Different types of fetal cells are present (erythroblasts, lymphocytes, stem cells) in maternal circulation during pregnancy, thus providing a promising approach for noninvasive prenatal diagnosis of genetic abnormalities [7–10]. Many strategies have been designed to improve the recovery, purity, and yield of these fetal cells from maternal blood, but the success rate varies considerably [11–18]. The major limitations to most of these techniques are the few fetal cells which can be sorted from maternal blood samples [19–22] and the lack of a specific fetal cell marker [23–25]. Furthermore, the hypothesized persistance of fetal cells such as lymphocytes and CD34⁺/CD38⁺ cells in maternal blood for many years after delivery [26] has to date limited the application of these techniques as results in later pregnancies could be misleading. Indeed, fetal cells (such as lymphocytes and CD34⁺/CD38⁺ hematopoietic stem cells) have been claimed to persist in maternal blood after delivery [26] thus providing misleading results in later pregnancies.

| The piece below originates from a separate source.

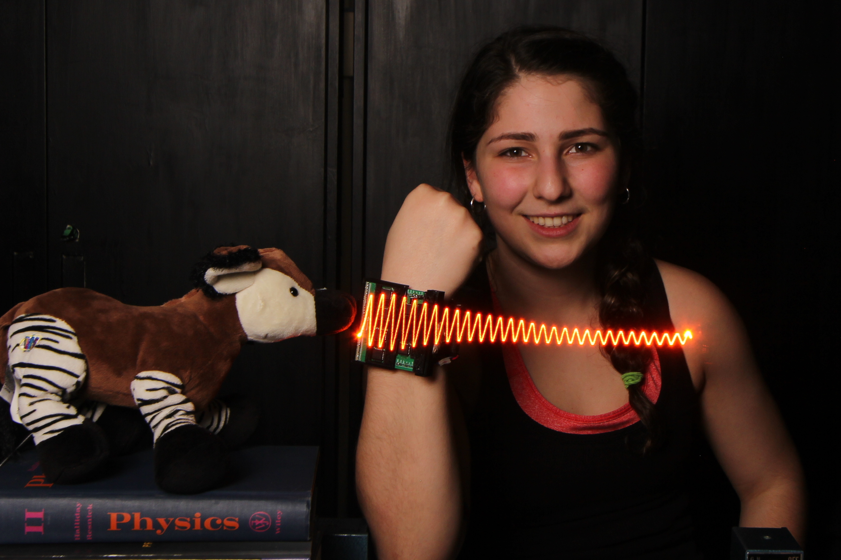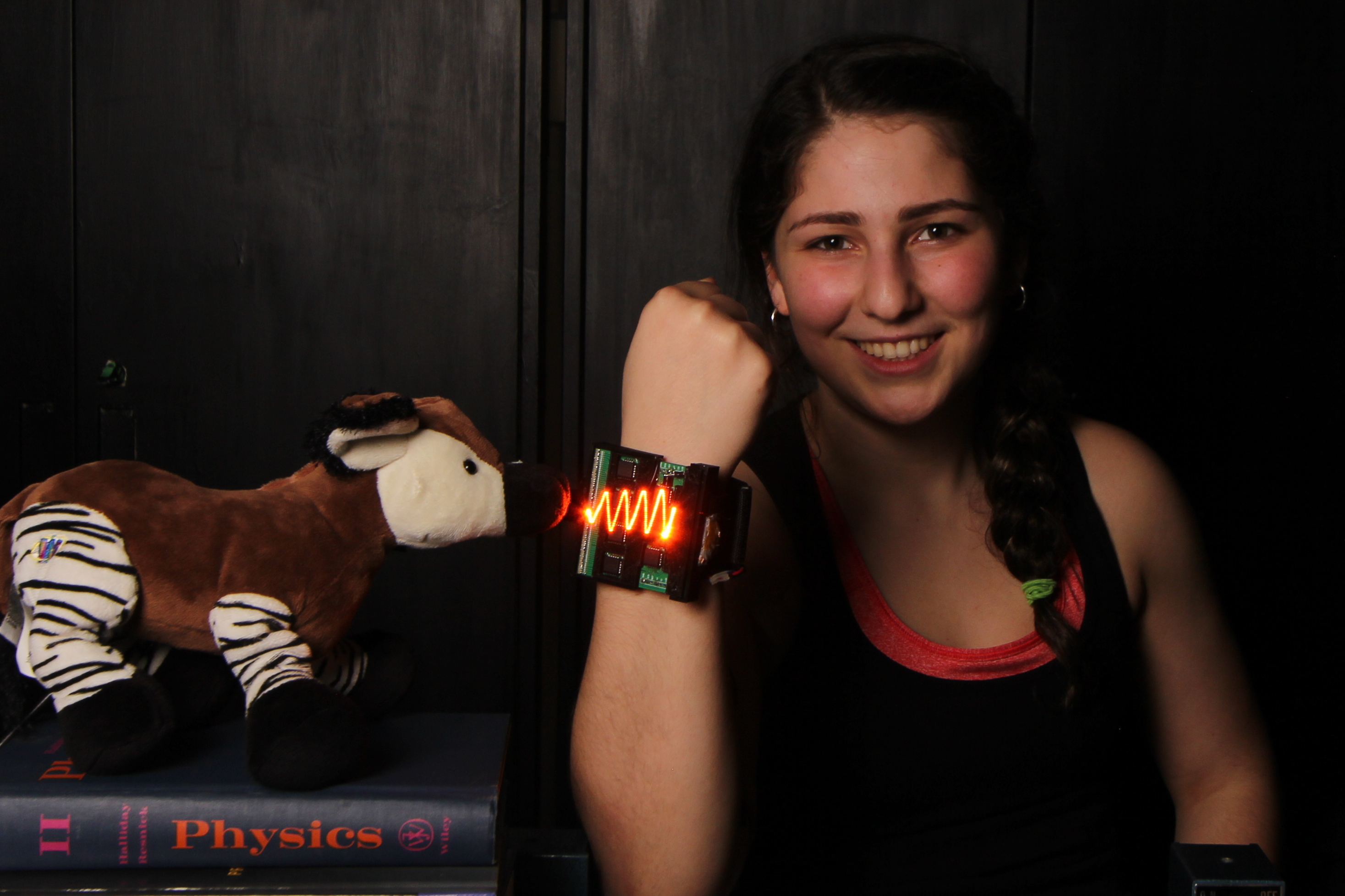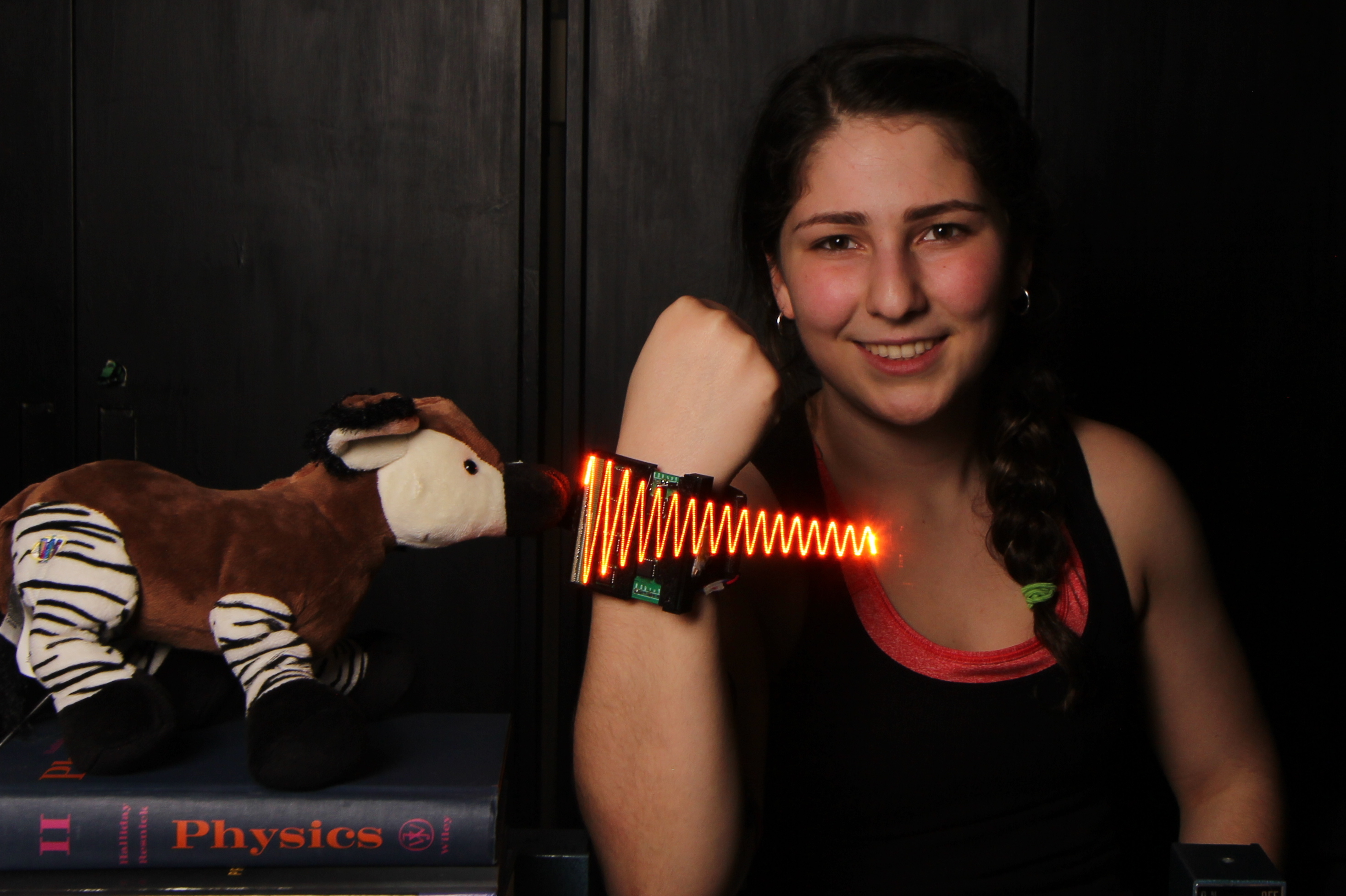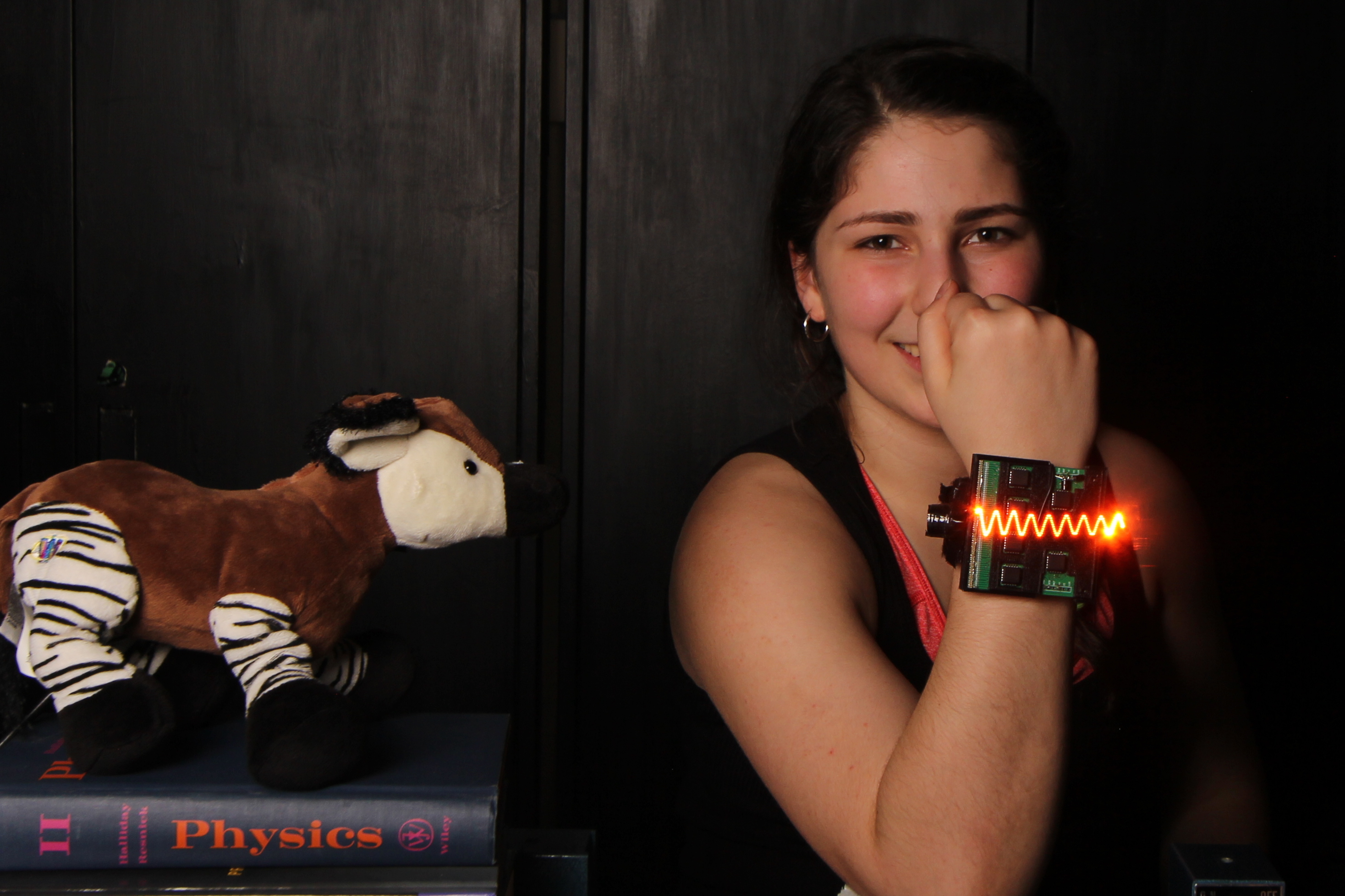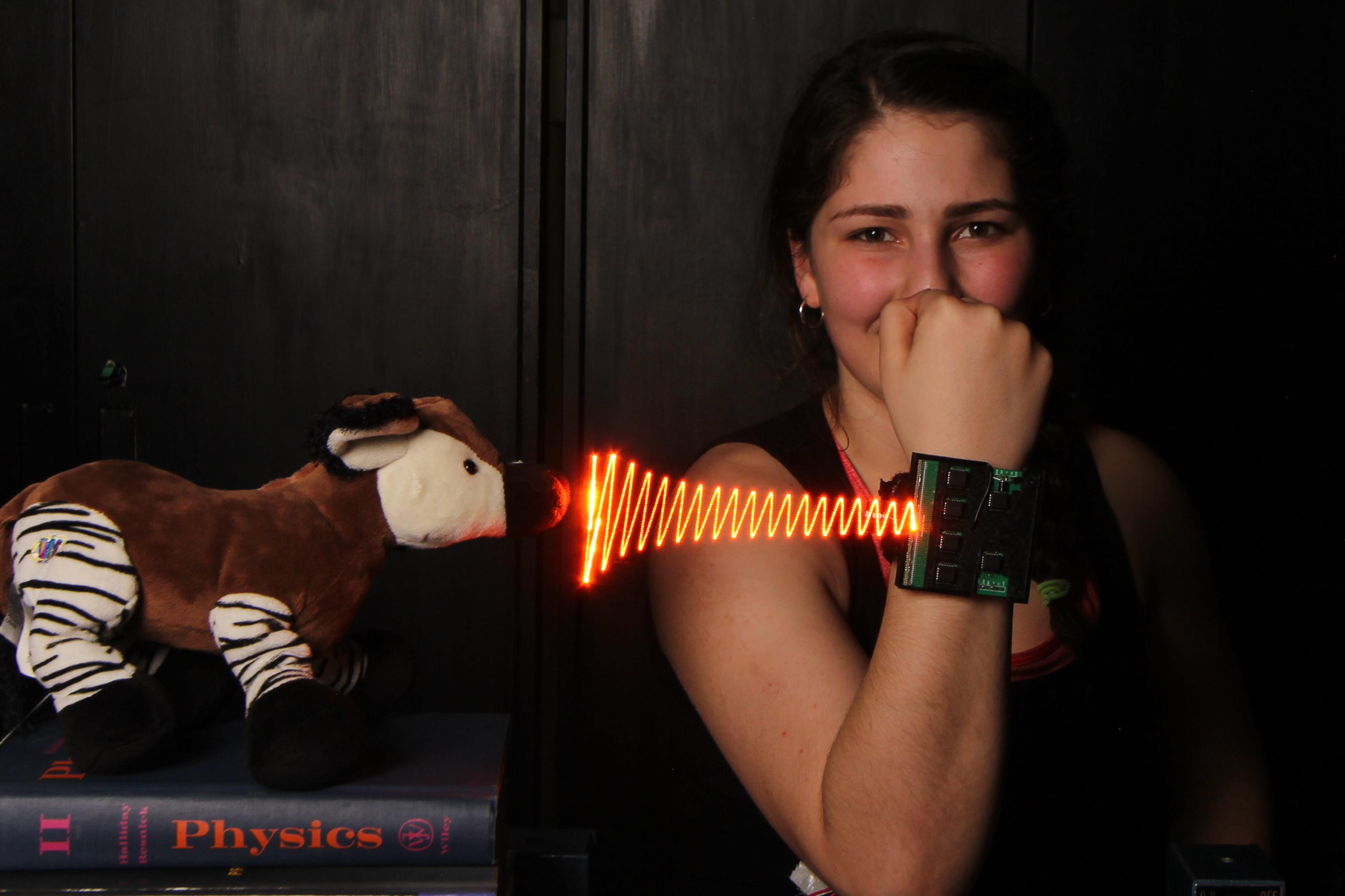Microphone hidden inside a stuffed toy Okapi: actual measurement and visualization of sound waves it is capable of hearing.

To overcome the scarcity of fetal cells in maternal blood, an alternative strategy might be to culture and amplify those fetal cells which proliferate "in vitro." Recent reports have demonstrated maternal and fetal cells, such as erythroid precursors and CD34⁺ hematopoietic stem cells in maternal blood, are clonogenic [27–31].

Several studies have tried to expand "in vitro" fetal erythroblasts and fetal stem cells, isolated from maternal blood [27–31]. Results with erythroblasts, which proliferate to a limited extent, have been disappointing because there is no clear consensus about the degree of amplification of fetal erythroblasts, and because Chen et al. [32] recently reported that culturing fetal/maternal erythroblasts from maternal blood mainly produced erythroid colonies of maternal erythroid progenitor origin. Fetal blood CD34⁺ stem cells, which produce more colony-forming cells [27–30, 33], may theoretically be enough to diagnose genetic abnormalities. After purifying hematopoietic progenitors from umbilical cord blood, studies on proliferation showed the highest proliferative potential of fetal hematopoietic stem cells (hundreds to thousands of progeny). Therefore, stem cells seem to be the best cell type to amplify in cultures.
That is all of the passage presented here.